Partendo dal classico omicida seriale che terrorizza la città di Atlanta, Premonitions ha uno dei suoi punti di forza nella presenza sempre carismatica, pur se affaticata dagli anni, di Anthony Hopkins, qui nel ruolo del dottor John Clancy, un medico psicanalista ritiratosi in solitudine dopo la morte della giovane figlia e dotato di comprovate capacità sensitive, chiamato in soccorso dall’agente speciale Joe Merriwether (Jeffrey Dean Morgan) per collaborare alle indagini. Da una serie di elementi per gli altri incomprensibili, Clancy capisce che l’assassino ha le sue stesse abilità sensoriali. Inizia, così, una partita a scacchi dove ognuno dei due giocatori è in grado di prevedere la successiva mossa dell’avversario, con in palio una posta ancor più alta per il medico: proteggere la vita di Joe e della collega Katherine Cowles (Abbie Cornish). Affidandosi alle sue percezioni, i due agenti risaliranno a Charles Ambrose (Colin Farrell), un killer il cui “dono” è ben più impressionante rispetto a quello di Clancy…

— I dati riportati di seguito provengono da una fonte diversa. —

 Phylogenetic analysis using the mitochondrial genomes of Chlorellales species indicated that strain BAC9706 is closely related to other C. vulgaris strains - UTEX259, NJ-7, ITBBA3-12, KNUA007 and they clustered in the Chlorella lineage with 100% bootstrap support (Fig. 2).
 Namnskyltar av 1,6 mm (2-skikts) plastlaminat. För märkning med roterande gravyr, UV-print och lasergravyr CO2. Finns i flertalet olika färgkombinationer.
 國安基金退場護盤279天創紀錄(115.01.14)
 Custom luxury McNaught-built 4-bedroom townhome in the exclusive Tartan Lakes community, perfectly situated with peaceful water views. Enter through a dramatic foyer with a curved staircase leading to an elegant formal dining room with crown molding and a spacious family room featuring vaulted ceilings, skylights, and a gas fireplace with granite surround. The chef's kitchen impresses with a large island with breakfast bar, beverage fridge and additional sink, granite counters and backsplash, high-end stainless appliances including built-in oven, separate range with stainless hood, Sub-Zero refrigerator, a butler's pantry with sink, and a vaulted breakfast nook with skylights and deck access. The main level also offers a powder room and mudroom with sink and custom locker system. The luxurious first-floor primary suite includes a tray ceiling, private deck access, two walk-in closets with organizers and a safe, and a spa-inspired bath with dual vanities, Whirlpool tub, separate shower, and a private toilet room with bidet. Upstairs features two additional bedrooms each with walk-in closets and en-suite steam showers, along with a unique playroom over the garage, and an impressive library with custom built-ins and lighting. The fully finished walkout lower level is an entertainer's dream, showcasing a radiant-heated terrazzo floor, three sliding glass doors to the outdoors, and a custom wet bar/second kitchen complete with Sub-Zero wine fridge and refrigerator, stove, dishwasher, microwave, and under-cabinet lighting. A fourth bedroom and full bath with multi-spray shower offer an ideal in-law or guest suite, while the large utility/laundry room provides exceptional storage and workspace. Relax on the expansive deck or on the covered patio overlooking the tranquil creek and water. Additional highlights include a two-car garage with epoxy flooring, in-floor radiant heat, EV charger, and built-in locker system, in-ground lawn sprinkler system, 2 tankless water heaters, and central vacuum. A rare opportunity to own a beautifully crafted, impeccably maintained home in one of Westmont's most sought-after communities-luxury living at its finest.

Nonostante la presenza di varie tematiche che potrebbero far risultare la pellicola poco sopportabile, la regia del brasiliano Afonso Poyart alleggerisce il carico attraverso una realizzazione molto raffinata e visionaria, in cui le scene del crimine non sono mai cruente ma, anzi, rimandano spesso a riferimenti pittorici (come la morte di Ofelia di Millais); i toni caldi e la luce limpida scelti dal direttore della fotografia Brendan Galvin non creano mai ambienti ansiogeni e le tecniche di ripresa live action imprimono un ritmo tale da dare, a volte, la sensazione di essere all’interno di un video game. Entrare nella mente del dottor Clancy e vedere quello che lui prevede, risucchia in un vortice di immagini ricercate, colori intensi e atmosfere oniriche che suscitano di certo ammirazione per la notevole maestria con cui il film è stato realizzato.
Tuttavia, è proprio questo l’aspetto che impedisce a Premonitions di colpire fino in fondo ed, allo stesso tempo, il suo maggior limite. Pellicole di questo genere dovrebbero avere il coraggio di “sporcarsi” quel tanto che basta per lasciare davvero turbato lo spettatore e , probabilmente, era questa l’idea iniziale tanto che, in un primo momento, il film era stato pensato come un sequel dello sconvolgente ed indimenticato Se7en di David Fincher. Non sfugge, infine, il timido tentativo di ricreare tra Clancy e l’agente Cowless quel rapporto di ammirazione, diffidenza e repulsione che rinverdisse i fasti de Il silenzio degli innocenti. Ma quella tensione che squarciava lo schermo è ormai irriproducibile: lo sguardo inquietante di Hannibal Lecter ora si spegne negli occhi stanchi di Hopkins e la Cornish, con le sue costanti pose plastiche e la sua patinata freddezza è ben lontana dal ricordare Jodie Foster.